• Patan dhoka, Lalitpur, Nepal



    On 22 September, the research team for the Music on the move initiative visited the town of Banepa, some 30 kilometres away from Kathmandu, to meet Ram Manandhar at his woodwork shop. In addition to making furniture, which is his main form of livelihood, Manandhar is also a skilled sarangi maker. A large percentage of the sarangis in circulation within the Kathmandu Valley are his creations. Below is a basic summary of the materials and measurements involved in the making of a sarangi. This is the first in a series of articles to appear on the sarangi’s organology.

    Parts of a whole
    The sarangi has a total of six parts or divisions. The measurments of the specific parts in the piece made for the team are as follows.
    The knot = 3 inches
    The bridge = 1/2 inches
    The neck = 3.25 inches
    The hollow section = 5.5 inches
    The stand = 2.1 inches
    The skin = 3.2 inches

    (Visit the gallery to see pcitures of the different parts of the sarangi)

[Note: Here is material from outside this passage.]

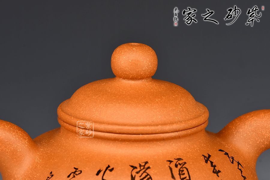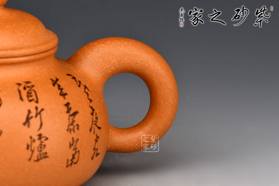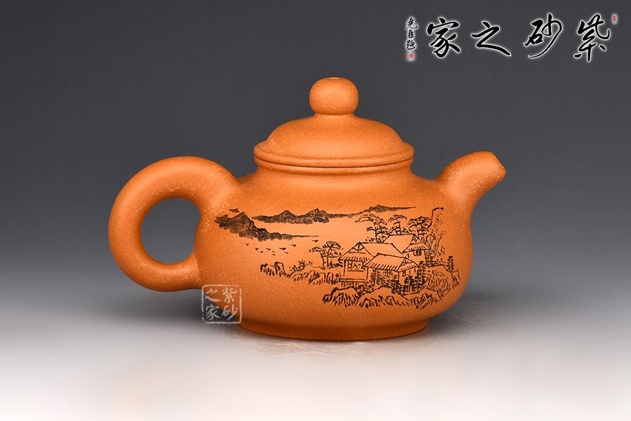 此壺造型小巧美妙,刻繪的景色怡人,精工細(xì)致,讓人把玩欲罷不能。壺身扁圓可愛,輪廓明朗,圈足和壺頸上下對應(yīng),美感頓生。壓蓋的子母線對仗工整,嚴(yán)絲合縫。珠型壺鈕由鼓蓋拱衛(wèi),精巧圓滑,似稀世珍寶。壺嘴和壺把渾圓短粗,氣質(zhì)沉穩(wěn),非常有古典的韻味。通身來看,此壺之精妙寓巧于拙,越是把玩越覺韻味無窮。

    The dimensions of the sarangi depends on the its scale and range capabilities. The A-B-C-D range sarangi has a neck length of  3.25 inchs and a bridge of 1/2 inches. Meanwhile, the E-F-G range sarangi has a neck length of 4.15 inches and a bridge of 2.15 inches.

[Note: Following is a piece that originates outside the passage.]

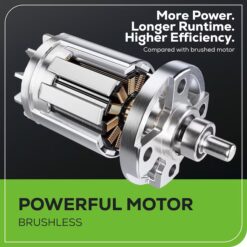 - Brushless Motor: 2x more torque, power, longer runtimes, quiet operation, and extended motor life

    The string used can be of a variety of kinds including telephone wire, guitar strings, monkey gut and cycle gear wire.

    The bow

    The steps to making the bow of the sarangi are as follows:

    –          Cut the  bamboo to a length of about 18-19 inches
    –          Make small holes on both ends with a drilling machine.
    –          The plant Kyaktuke is used – though nylon is an increasingly popular option –
    to tie onto the bow (The Kyaktuke threads are softened by soaking in water for one hour and then tied onto the bow on both ends.)
    –      The bamboo piece is curved
    –      The skin to cover the hollow part  is soaked in water for about 7-8 hours, till it softens. It is then rubbed on a rough surface by hand and pasted onto the instrument  with glue.
    –      The bridge and string stand are mounted before adjusting the four strings of the sarangi.